Territorial defence and parent-offspring are two well-studied contexts in which individual recognition is important [1,2,3], as individuals can benefit from memorizing the identity of the individuals as well as the type and/or outcome of previous interactions [4]. In species where individuals meet regularly after prolonged times, such as in fission-fusion systems [5], individual recognition based on acoustic communication appears highly beneficial [1, 5]. Still, in species with a high degree of fission-fusion dynamics, a large number of individuals within fluid groups, and large home-ranges, individuals might not only encounter known individuals but also unknown ones, for which no memory about previous interactions or information about their identity is available. During encounters with unknown individuals individual recognition is not possible, while class-level recognition can provide crucial benefits [1].

Vocal signals may convey various attributes of the vocalizer, among others sex (e.g.: [6]), age (e.g.: [7]), emotional state (e.g.: [8]), dominance rank hierarchy (e.g.: [9]), and reproductive status (e.g.: [10]). How and which of these attributes are obtained by perceivers from acoustic signals has been extensively studied in the last decades (e.g. [2]).
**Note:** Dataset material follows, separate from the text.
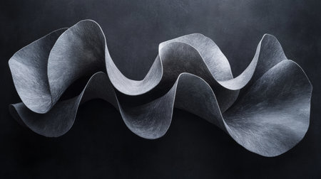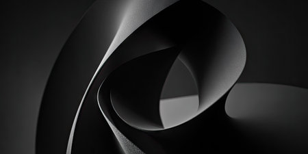 An abstract studio shot showcases intricately curved black paper against a dark background. The composition highlights the paper's form with strong shadows and highlights, creating a visually dynamic interplay of light and form. Suitable for commercial projects requiring graphic elements or backgrounds.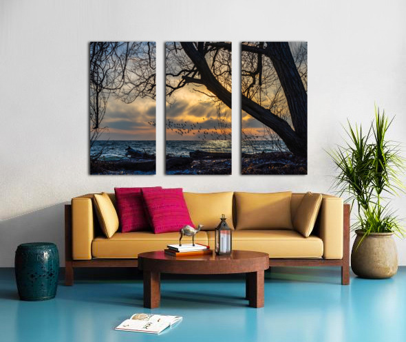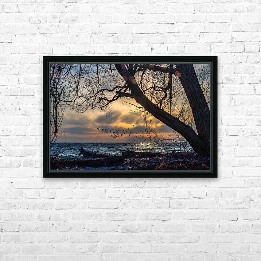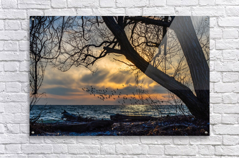 Captured while walking along the Shoreline Trail at the McLaughlin Bay Wildlife Reserve in Oshawa, Ontario, a flock of birds in graceful flight, soaring over the waters as the sun bid its farewell.

Most of the acoustic parameters in focus relate to anatomical features of the producer and its production mechanisms. Fant [11] suggested that vocal production in humans is a two-stage process: vocalizations are produced by the vibrating tissue, and subsequently shaped by the vocal tract. This “source-filter theory” has successfully been generalized [12] to other mammals [13, 14], and also to birds [15,16,17,18]. In some species, vocal features such as fundamental frequency, frequency modulation, and other source dependent characteristics provide dependable cues to body size but also to genetic variation and age [19, 20].

In corvids like common ravens (Corvus corax), anatomic size differences between sexes and age groups are hypothesized to directly relate to acoustic parameters of the calls [21,22,23,24,25], providing cues to class-level recognition. Sex and age dependencies of acoustic signals in ravens might be similar to other bird species [26, 27] and seem linked to size differences between sexes and age-classes [28, 29]. Moreover, class-level distinction between sexes and age-classes that are based on acoustic features could be exploited by conspecifics for various forms of decision-making. In ravens, acoustic information about sex and age-class could be useful especially when encountering unknown individuals while deciding whether to engage in territorial defence or to join or avoid foraging groups [30,31,32]. Unlike features that are connected to caller identity [33], acoustic features related to sex, and age might not have to be learned of each single individual as cues to class-level recognition [1]. This is especially interesting in foraging ravens due to their fission-fusion dynamics [34,35,36]. Individuals gather at large and ephemeral carcasses, where they may encounter familiar and unfamiliar birds [37,38,39,40,41].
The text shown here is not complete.